Milliseconds matter: How Stack Overflow uses Grafana to optimize its systems
Stack Overflow’s custom monitoring tool Opserver provided purpose-built dashboards, but lacked a way to easily create custom self-service dashboards. They needed a tool to allow their developers and SRE teams the freedom to quickly create custom-tailored dashboards to visualize data from OpenTSDB, Elasticsearch, and their alerting tools, all in the same experience. They wanted to empower the teams that knew the data the best.
2020欧洲杯积分榜Stack Overflow’s Ad-server team was the first to discover Grafana. They were searching for a tool to create custom server latency dashboards. Displaying ads on a website is latency sensitive; a millisecond delay can have a huge impact on revenue. Server latency also affects which ads are displayed to whom on the site. The quicker the ad is served, the more targeted it can be for the user. Grafana’s real-time dashboards were critical in discovering where the Ad-Server team could optimize to have the best server performance possible. Grafana quickly spread from the Ad-Server team to other teams at Stack Overflow, since it can visualize data from many different data sources, both open source and commercial. For Stack Overflow, this meant OpenTSDB data could be visualized alongside Elasticsearch data, which could be viewed alongside their custom alerting data from Bosun.

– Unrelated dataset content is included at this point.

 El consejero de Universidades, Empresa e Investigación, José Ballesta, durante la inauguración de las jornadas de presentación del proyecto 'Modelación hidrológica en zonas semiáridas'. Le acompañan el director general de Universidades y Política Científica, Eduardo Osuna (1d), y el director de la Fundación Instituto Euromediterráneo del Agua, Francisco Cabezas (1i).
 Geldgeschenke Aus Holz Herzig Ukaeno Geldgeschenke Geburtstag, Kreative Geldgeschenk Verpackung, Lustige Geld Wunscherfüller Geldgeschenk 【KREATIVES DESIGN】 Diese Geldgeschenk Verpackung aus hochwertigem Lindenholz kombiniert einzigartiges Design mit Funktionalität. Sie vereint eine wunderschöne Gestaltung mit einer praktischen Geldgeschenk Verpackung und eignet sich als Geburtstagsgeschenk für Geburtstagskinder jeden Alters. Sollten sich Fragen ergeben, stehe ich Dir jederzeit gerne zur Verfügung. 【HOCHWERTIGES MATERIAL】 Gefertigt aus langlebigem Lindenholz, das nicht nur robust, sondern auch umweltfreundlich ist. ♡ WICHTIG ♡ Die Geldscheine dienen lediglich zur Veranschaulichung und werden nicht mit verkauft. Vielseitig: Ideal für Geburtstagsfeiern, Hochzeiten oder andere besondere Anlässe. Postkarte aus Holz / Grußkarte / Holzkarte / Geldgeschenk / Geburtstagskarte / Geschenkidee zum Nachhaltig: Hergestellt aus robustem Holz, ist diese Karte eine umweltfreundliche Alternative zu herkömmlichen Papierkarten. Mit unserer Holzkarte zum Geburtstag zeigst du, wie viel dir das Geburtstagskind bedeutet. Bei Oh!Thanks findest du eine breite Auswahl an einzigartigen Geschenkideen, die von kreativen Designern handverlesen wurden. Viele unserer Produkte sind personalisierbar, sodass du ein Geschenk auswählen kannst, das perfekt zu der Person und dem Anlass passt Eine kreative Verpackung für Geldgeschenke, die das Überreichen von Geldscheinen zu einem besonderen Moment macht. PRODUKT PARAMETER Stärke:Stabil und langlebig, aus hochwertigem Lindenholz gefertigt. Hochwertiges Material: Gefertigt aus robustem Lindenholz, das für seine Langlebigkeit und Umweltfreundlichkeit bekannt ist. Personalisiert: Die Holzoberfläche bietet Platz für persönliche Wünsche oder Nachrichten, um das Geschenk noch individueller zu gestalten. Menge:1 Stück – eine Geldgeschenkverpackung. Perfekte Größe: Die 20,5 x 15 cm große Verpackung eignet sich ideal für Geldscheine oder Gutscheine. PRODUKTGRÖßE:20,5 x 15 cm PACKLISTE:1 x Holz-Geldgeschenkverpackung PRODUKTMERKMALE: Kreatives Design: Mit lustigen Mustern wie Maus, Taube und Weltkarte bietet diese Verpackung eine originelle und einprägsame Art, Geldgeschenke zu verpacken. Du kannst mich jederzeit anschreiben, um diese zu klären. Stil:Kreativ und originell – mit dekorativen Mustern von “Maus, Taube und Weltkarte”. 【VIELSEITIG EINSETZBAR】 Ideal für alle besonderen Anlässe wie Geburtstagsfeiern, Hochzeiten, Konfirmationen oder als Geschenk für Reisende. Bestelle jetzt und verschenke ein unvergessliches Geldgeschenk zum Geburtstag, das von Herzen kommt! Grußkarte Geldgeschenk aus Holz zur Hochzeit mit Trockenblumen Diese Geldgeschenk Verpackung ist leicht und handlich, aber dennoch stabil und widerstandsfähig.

The Bosun alerting system and a new Grafana plugin
is an open source alerting system Stack Overflow created. It has an expressive domain-specific language for evaluating alerts and creating detailed notifications. It also tests alerts against history for a faster development experience. Bosun is robust, but comes with a complex user interface and an often steep learning curve. Its visualization options are also limited. In Kyle’s recent GrafanaCon talk, “,” he described monitoring as “a medium for humans to communicate with other humans through machines.” The Bosun project reflects a deep understanding of the impact of alerting on culture, which Kyle is extremely sensitive to. An intuitive UI and consistent user experience are key to making complex systems easier to understand – something Grafana has always prioritized. So the team decided to build a plugin to bring the power of Bosun into Grafana’s user-friendly interface.

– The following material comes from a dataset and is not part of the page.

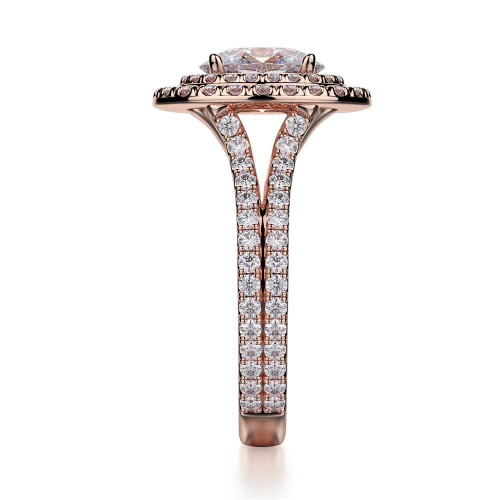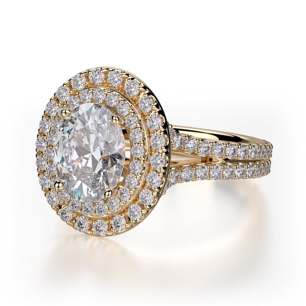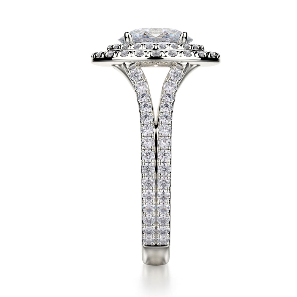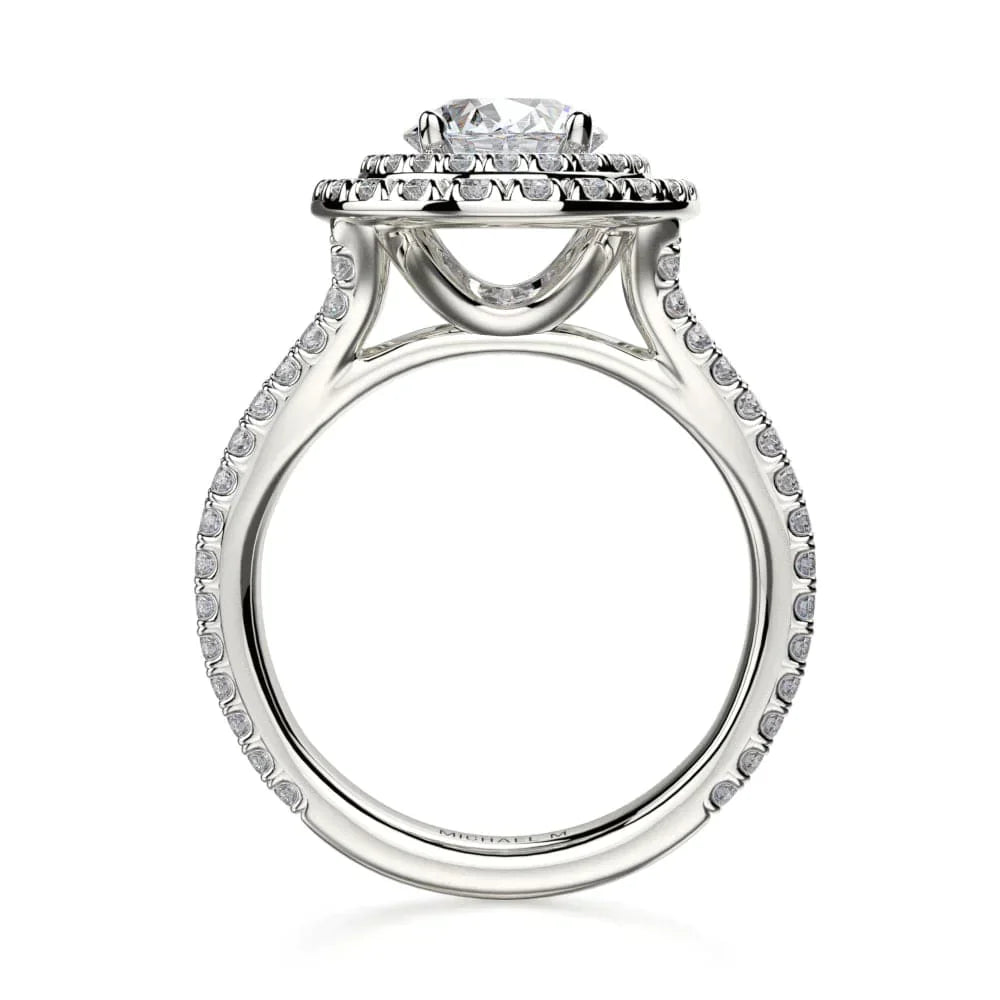 Immaculate Michael M engagement ring with oval center diamond setting, fits 1.75-2.25 carats. Adorned with 0.78 carats of round cut side diamonds in elegant prong setting. Crafted with exquisite 18-karat white gold for lasting beauty.
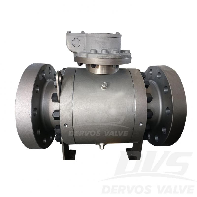 Worm wheel8" 900LB Trunnion Ball Valve is made according to API 6D standard. The valve body is made of A105. It has the structural characteristics of Three-Piece Side Entry Trunnion Mounted Ball Valve with Full Bore Design, Fire-Safe & Anti-Static Features, Blowout-Proof Stem, and Double Block and Bleed (DBB). Its connection mode is RTJ. And it has Worm wheel operation mode.

2020欧洲杯积分榜Grafana’s plugin architecture allowed the Stack Overflow team to create a data source plugin for Bosun to visualize Bosun alerting data directly in Grafana. Since Grafana is more user-friendly, people tend to pick it up more naturally. We have turned Grafana users into Bosun consumers, and soon hope to turn Bosun consumers into Bosun authors.
– Kyle Brandt, Director, Site Reliability, Stack Overflow
Stack Overflow is focused on the audience and placing yourself in their shoes. Think of what they know and what they might not know. Don’t tell them what they need to know; show them what they need to know on a Grafana dashboard.

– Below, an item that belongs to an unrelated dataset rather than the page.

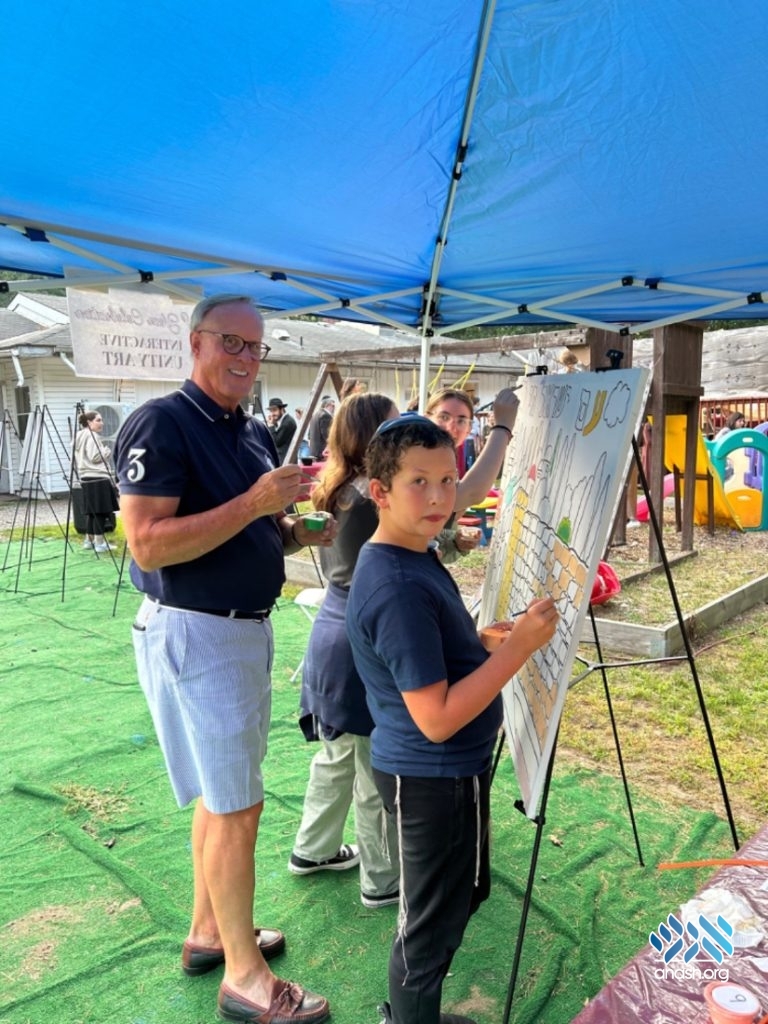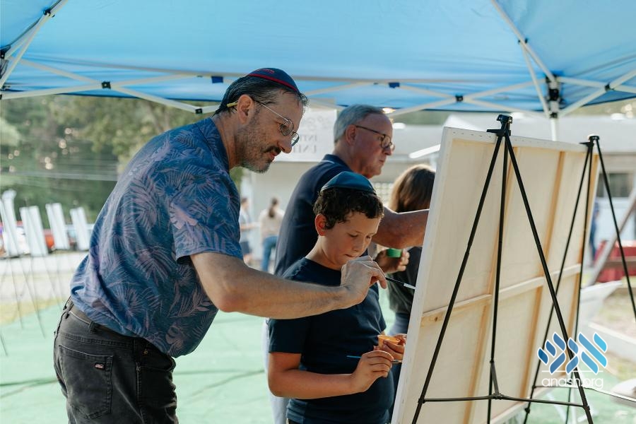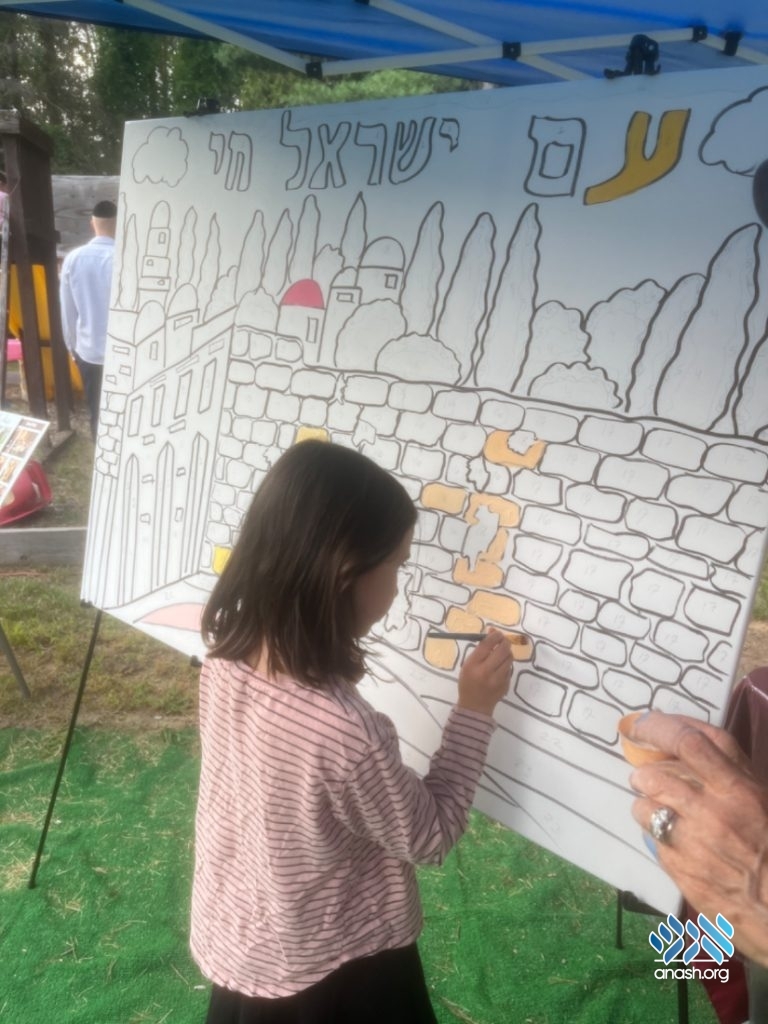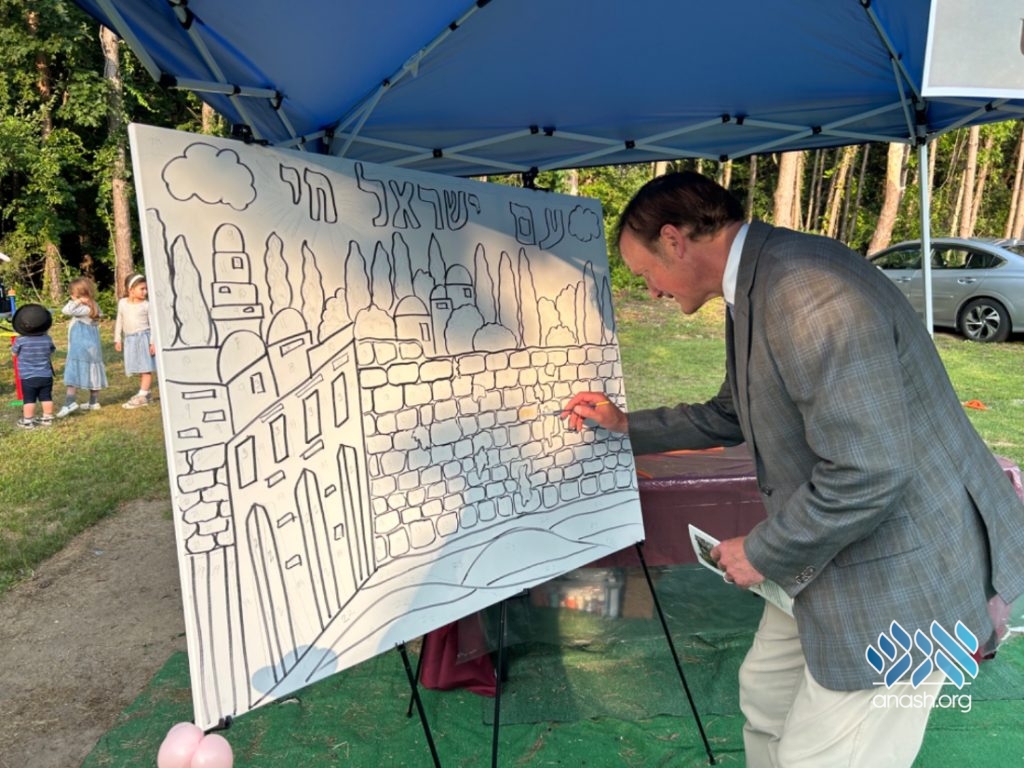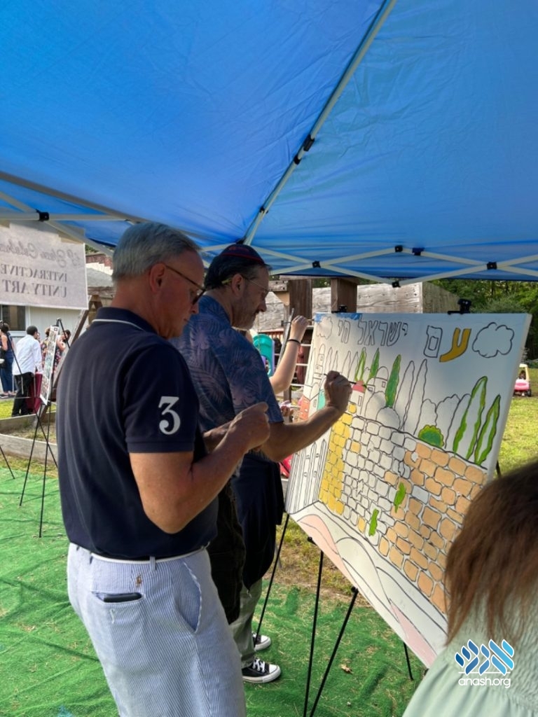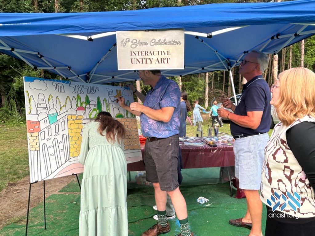 The event opened with a Chai Photo Gallery, showcasing memorable moments from the past 18 years of outreach. Photos were arranged by year on beautiful display boards. At the center of the space stood an interactive unity art project—a “Paint by Number – Am Yisroel Chai” mural of the Western Wall, designed by Rivi Bahir and color-coordinated under the guidance of Alyla Goldman, symbolizing unity, that everyone counts, their effort and unique color they paint and only together we complete our mission.

– Kyle Brandt2020欧洲杯积分榜, Director, Site Reliability, Stack Overflow
Grafana allows teams across Stack Overflow to quickly and easily build custom self-service dashboards for what’s important to them, no matter where the data lives or which database it’s stored in. Because Grafana is open source and has a robust plugin architecture, the Bosun team was able to create a plugin to leverage its powerful alerting system, and can now visualize the data in new ways. The new plugin empowers users new to Bosun to write queries and set alerts directly from Grafana’s UI, as well as the flexibility to leverage Bosun’s native expression language. With the popularity of the Bosun plugin internally, the team shared the plugin with the entire stevenscion.community, and it has been installed thousands of times by users of both projects.
Related Case Studies
After trying to DIY, Wix embraces Grafana Cloud
Metrics is an important part of Wix’s culture, so Grafana Cloud was chosen to monitor mission-critical systems.
DigitalOcean gains new insight with Grafana visualizations
The company relies on Grafana to be the consolidated data visualization and dashboard solution for sharing data.
Grafana enhances end user experience for Apica Systems
The company uses Grafana alongside its SaaS product to detect availability and performance issues before they affect users.